Forming under conditions consisting of little wind, a clear sky, and relatively high humidity, radiation fog is commonly seen in the evenings through early morning. Through terrestrial radiation, the ground cools after sunset thereby cooling the air above. Once the air’s dew point is reached, water vapor condenses, and fog is formed. Radiation fog needs calm conditions to be sustained; it will dissipate with wind speeds greater than 10 knots or with the rise in temperature that occurs after sunrise.

Photo by NOAA. https://photolib.noaa.gov/Collections/National-Weather-Service/Other/emodule/627/eitem/18737

Advection Fog

Often seen in coastal regions, advection fog occurs when warm, moist air moves over a cooler surface. This can occur over both land and water but is formed the same way, regardless. Advection fog requires wind to form, and the stronger the wind (up to about 15 knots), the more widespread the fog. As the wind speed increases above 15 knots, the fog is lifted and will form low level stratus clouds.

Photo by NOAA. https://photolib.noaa.gov/Collections/National-Weather-Service/Other/emodule/627/eitem/20822

Steam Fog

This type of fog occurs when cold, dry air over land moves over warmer water. As water evaporates, it very quickly condenses once it reaches the colder air above. Named because its appearance resembles steam rising from the water, steam fog can result in low level turbulence and potentially dangerous icing conditions. The impact of steam fog is dependent on the size of the body of water over which it forms. Generally speaking, the bigger the body of water, the more widespread the fog.

Photo by NOAA. https://photolib.noaa.gov/Collections/Historic-Fisheries/Other/emodule/710/eitem/24839

Freezing Fog

Fog that occurs when the temperature is at or below 0°C/32°F is classified as freezing fog. Water droplets in freezing fog are supercooled; they exist in liquid form but will freeze on contact with a surface. Freezing fog can provide significant icing impacts and deserves extra attention when known to exist at your departure point or destination. In a situation involving freezing fog, it is crucial to understand the de-ice/anti-ice capabilities of your aircraft. It may be very difficult, if not impossible, to operate when there is freezing fog in the area, especially when additional threats like freezing rain may be present. This is the one type of fog that can be indicated on METARs and TAFs and will appear with the qualifying descriptor “FZ” before the obscuration code for fog, “FG”.

Ice Fog

Not surprising given the name, ice fog consists of very small ice crystals suspended in the air. The conditions for the formation of ice fog are similar to those of radiation fog, but with frigid temperatures of roughly -30°C/-22°F and below. Due to the very low temperatures required, it is mostly a threat in the Arctic and Polar regions, but still possible in parts of the United States during the winter months. A big issue with ice fog (aside from the fact that you have found yourself somewhere so unbelievably cold) is that visibility can be severely reduced if you are flying into the sun.

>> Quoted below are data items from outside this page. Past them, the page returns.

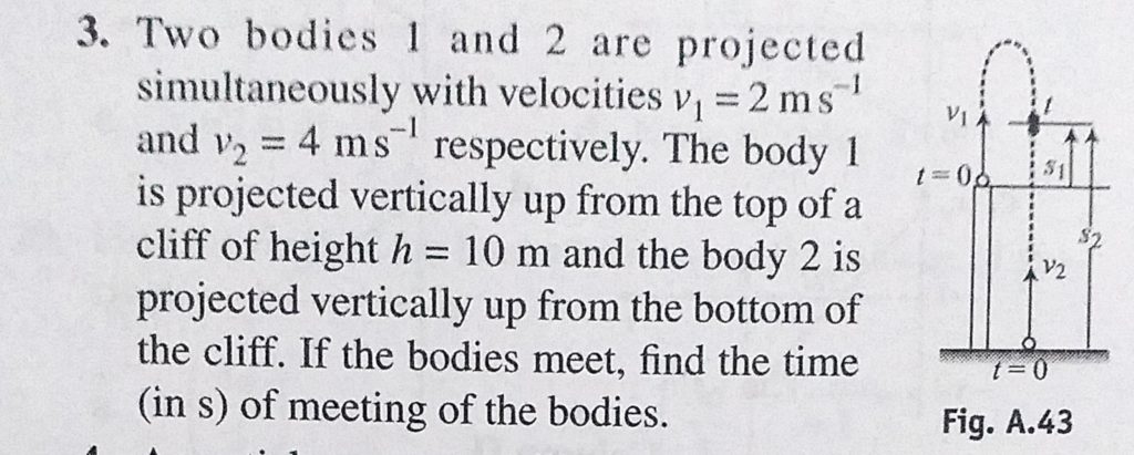 Two bodies 1 and 2 are projected simultaneously with velocities v1 = 2 m/s and v2 = 4 m/s respectively. The body 1 is projected vertically up from the top of a cliff of height h = 10 m Two bodies 1 and 2 are projected simultaneously with velocities v1 = 2 m/s and v2 = 4 m/s respectively. The body 1 is projected vertically up from the top of a cliff of height h = 10 m September 25, 2020 Category: Uncategorised (JEE Advanced Physics by BM Sharma + GMP Solutions) , Facebook Messenger WhatsApp Share this:TwitterFacebook Related
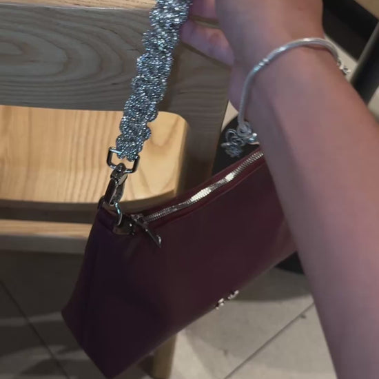 El Strap Cristal está tejido a mano con una delicada tira de brillos que incorpora pequeños diamantitos, creando un efecto luminoso y sofisticado.
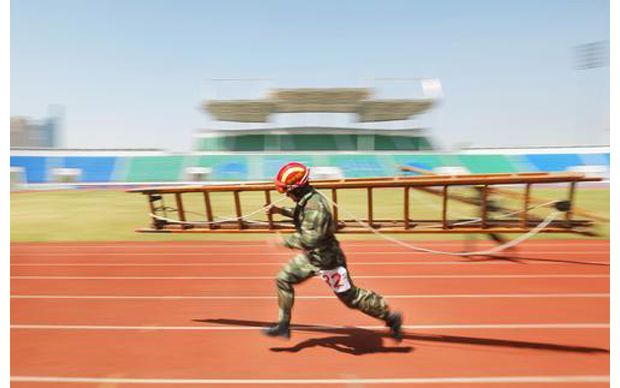 随州网讯 我市消防部队强化日常练兵,以技能比武促进训练,提升队伍整体作战能力,确保随时拉得出、冲得上、打得赢。图为4月17日,消防官兵技能比武的场景。(本报记者 徐 斌摄)

A greater understanding of fog can make a big difference when it comes to making safety decisions. In both air carrier and general aviation operations, fog has the potential to disrupt operations and cause dangerous icing scenarios. By understanding what conditions may result in fog’s formation and dissipation and respecting the threats it may bring with its ability to form very quickly, you can feel more confident on those cold, foggy winter days.